What happens when you create a Seq object with Seq(1,2,3)?

Question

What exactly happens when you evaluate the expression: Seq(1,2,3)?

I am new to Scala and I am now a bit confused about the various collection types. Seq is a trait, right? So when you call it like this: Seq(1,2,3), it must be some kind of a companion object? Or not? Is it some kind of a class that extends Seq? And most importantly, what is the type of the returned value? Is it Seq and if yes, why is it not explicitly the extension class instead?

Also in the REPL I see that the contents of the evaluated expression is actually a List(1,2,3), but the type is apparently Seq[Int]. Why is it not an IndexedSeq collection type, like Vector? What is the logic behind all that?

Answer 1

What exactly happens when you evaluate expression: Seq(1,2,3)?

In Scala, foo(bar) is syntactic sugar for foo.apply(bar), unless this also has a method named foo, in which case it is a method call on the implicit this receiver, i.e. just like Java, it is then equivalent to this.foo(bar).

Just like any other OO language, the receiver of a method call alone decides what to do with that call, so in this case, Seq decides what to do.

Seq is a trait, right?

There are two Seqs in the standard library:

• The trait Seq, which is a type.
• The object Seq, which is a value.

So when you call it like that Seq(1,2,3) it must be some kind of a companion object? Or not?

Yes, it must be an object, since you can only call methods on objects. You cannot call methods on types, therefore, when you see a method call, it must be an object. Always. So, in this case, Seq cannot possibly be the Seq trait, it must be the Seq object.

Note that "it must be some kind of a companion object" is not true. The only thing you can see from that piece of code is that Seq is an object. You cannot know from that piece of code whether it is a companion object. For that, you would have to look at the source code. In this particular case, it turns out that it is, in fact, a companion object, but you cannot conclude that from the code you showed.

Is it some kind of a class that extends Seq?

No. It cannot possibly be a class, since you can only call methods on objects, and classes are not objects in Scala. (This is not like Ruby or Smalltalk, where classes are also objects and instances of the Class class.) It must be an object.

And most importantly what is the type of the returned value?

The easiest way to find that out is to simply look at the documentation for Seq.apply:

def apply[A](elems: A*): Seq[A]

Creates a collection with the specified elements.

• A: the type of the collection's elements
• elems: the elements of the created collection
• returns a new collection with elements elems

So, as you can see, the return type of Seq.apply is Seq, or more precisely, Seq[A], where A is a type variable denoting the type of the elements of the collection.

Is it Seq and if yes, why is not explicitly the extension class instead?

Because there is no extension class.

Also, the standard design pattern in Scala is that the apply method of a companion object returns an instance of the companion class or trait. It would be weird and surprising to break this convention.

Also in REPL I see that the contents of the evaluated expression is actually a List(1,2,3), but the type is apparently Seq[Int].

The static type is Seq[Int]. That is all you need to know. That is all you can know.

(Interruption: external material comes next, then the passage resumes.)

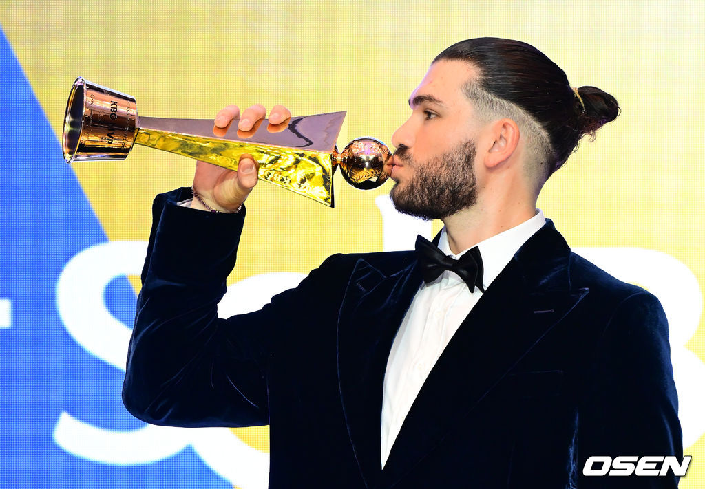 MVP 한화 폰세가 트로피에 키스를 하고 있다. 2025.11.24 /jpnews@osen.co.kr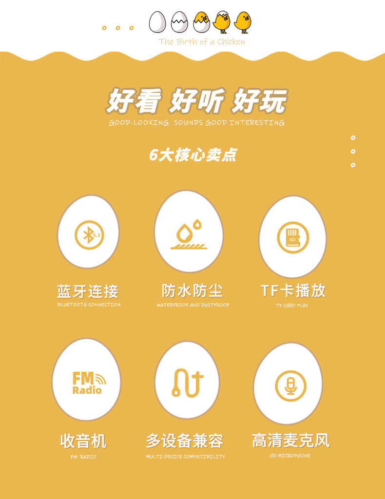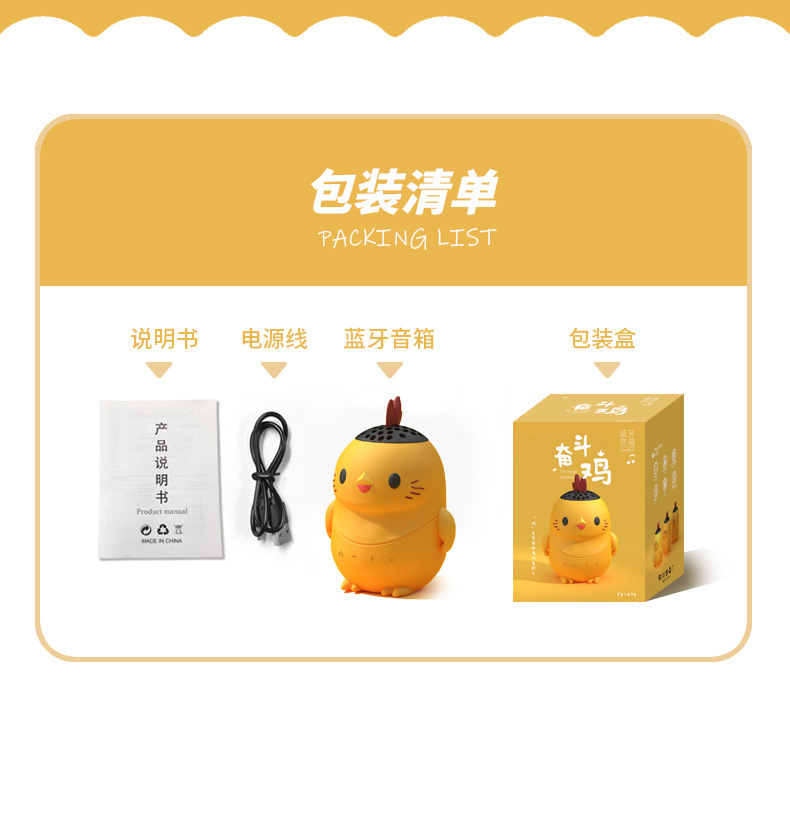 조수 놀이 손으로 만든 투쟁 치킨 블루투스 스피커 오디오 선물 작은 스피커 만화 휴대용 방수 어린이 국경스토어 가기

Now, Seq is a trait, and traits cannot be instantiated, so the runtime type will be some subclass of Seq. But! You cannot and must not care, what specific runtime type it is.

Why is not an Indexed collection type, like Vector? What is the logic behind all that?

How do you know it is not going to return a Vector the next time you call it? It wouldn't matter one bit, since the static type is Seq and thus you are only allowed to call Seq methods on it, and you are only allowed to rely on the contract of Seq, i.e. Seq's post-conditions, invariants, etc. anyway. Even if you knew it was a Vector that is returned, you wouldn't be able to do anything with this knowledge.

Thus, Seq.apply returns the simplest thing it can possibly return, and that is a List.